La proposta del Carroccio è a firma di Giorgia Andreuzza (qui il testo completo della risoluzione) e chiede di impegnare il Governo, “al fine di garantire maggiore certezza circa il funzionamento del mercato dell’energia elettrica e i rapporti tra i vari soggetti della filiera”, ad adottare “le iniziative di competenza per istituire celermente, presso il Ministero dello sviluppo economico, l’elenco dei soggetti abilitati alla vendita di energia elettrica ai clienti finali”. Ma anche di “adottare iniziative per individuare criteri e requisiti sufficientemente selettivi per l’iscrizione e la permanenza nel suddetto elenco, tali da rendere lo strumento quanto più possibilmente efficace al fine di prevenire condotte opportunistiche da parte dei venditori e garantire la fornitura di energia elettrica per i clienti finali”. Infine di porre in essere “iniziative normative per contrastare possibili comportamenti opportunistici che possano pregiudicare l’esazione dei cosiddetti oneri di sistema, affidando all’Autorità la predisposizione di misure idonee al contrasto dei fenomeni elusivi attraverso la verificabilità, da parte del Sistema informativo integrato di acquirente unico, dei flussi degli oneri generali realmente pagati dai consumatori e versati dai venditori, garantendo adeguata trasparenza dei processi e idonee forme di tutela per i consumatori”.

DOVE NASCE IL PROBLEMA bollette

L’esponente del Carroccio (ma anche il deputato pentastellato nel suo documento) ha ricordato nel testo della risoluzione che le bollette dell’energia elettrica “comprendono oltre alle voci relative ai servizi di vendita (materia prima, commercializzazione e vendita), ai servizi di rete (trasporto, distribuzione, gestione del contatore) e alle imposte, i cosiddetti oneri generali di sistema” la cui esazione “è destinata alla copertura di costi relativi ad attività di interesse generale afferenti al sistema elettrico, tra i quali, ad esempio, il sostegno alle fonti energetiche rinnovabili e il bonus elettrico”. Tutta la questione, ha poi aggiunto, parte con la deliberazione 50/2018/R/EEL, con la quale “l’Autorità ha introdotto uno specifico meccanismo di reintegrazione, successiva e previa verifica, degli oneri generali di sistema versati ma non riscossi e non recuperabili da parte dei distributori, che abbiano risolto per inadempimento il contratto di trasporto stipulato con i venditori”. Tale sistema di socializzazione degli oneri, “tendente a garantire il gettito degli stessi, di fatto comporta che tutti i clienti finali debbano contribuire alla copertura della quota non incassata, a prescindere dal livello di tensione previsto nei contratti”, ha rammentato l’esponente leghista che ha poi richiamato la legge annuale per il mercato e la concorrenza che, per garantire la stabilità e la certezza del mercato dell’energia elettrica, ha previsto l’istituzione al Ministero dello sviluppo economico, dell’elenco dei soggetti abilitati alla vendita di energia elettrica a clienti finali: “L’elenco dei soggetti abilitati alla vendita di energia elettrica a clienti finali rappresenta un utile strumento per prevenire il verificarsi di nuovi episodi di condotte opportunistiche e scorrette, dal momento che l’inclusione e la permanenza di un soggetto nello stesso sono condizione necessaria per lo svolgimento delle attività di vendita di energia elettrica a clienti finali.
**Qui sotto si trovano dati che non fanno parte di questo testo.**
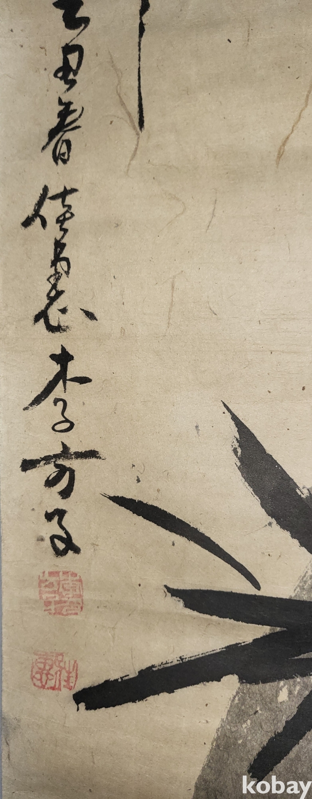 가혜 이방자 ( 佳惠 李方子) 수결이 보이는 고급 장지 바닥에 그려진 대나무 그림입니다,
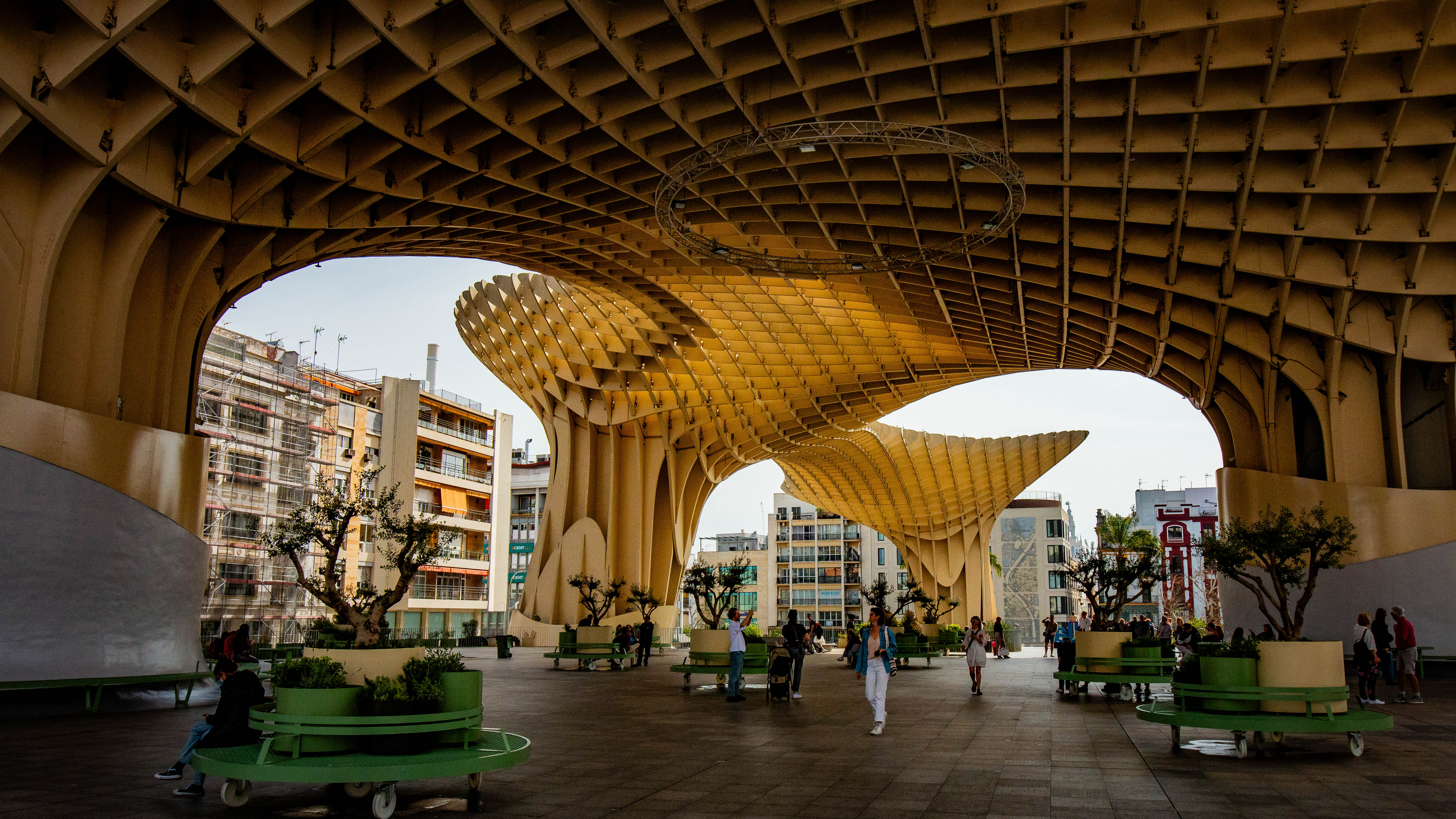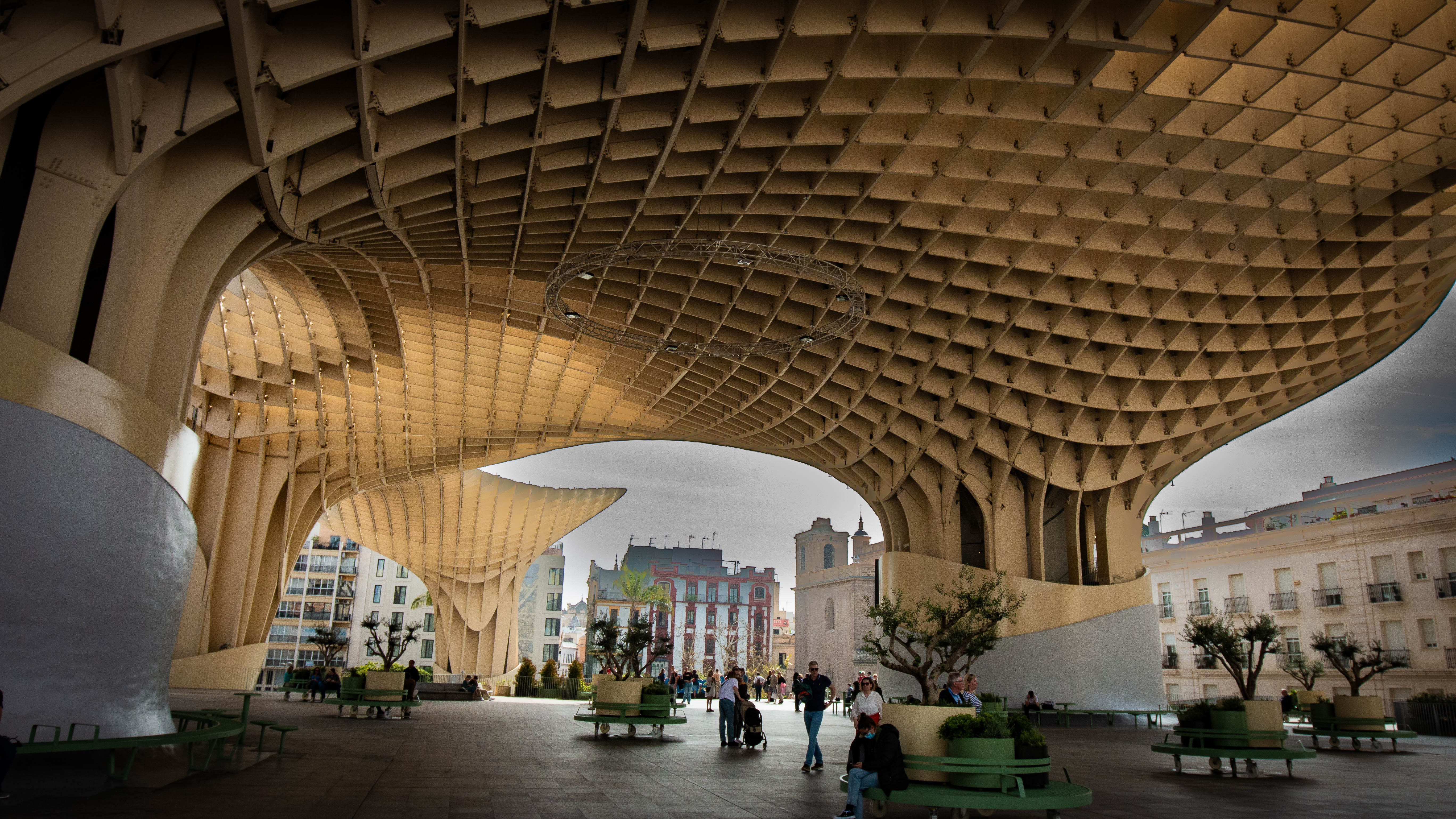 Wir schlängeln uns, im wahrsten Sinne des Wortes, durch zum Parasol Metropole, einer beeindruckenden Holzkonstruktion an der Plaza de la Encarnatión. Mit dem Lift geht es hinauf zu einem phantastischen Rundblick über Sevilla.

Il Consiglio di Stato ha espresso parere il 7 giugno 2018 sullo schema di decreto predisposto dal Ministro dello sviluppo economico pro tempore con cui sono fissati i criteri, le modalità e i requisiti tecnici, finanziari e di onorabilità per l’iscrizione nel citato elenco, tuttavia, ad oggi, esso non risulta essere pubblicato, sebbene il contesto determinatosi ne indichi il carattere di urgenza”.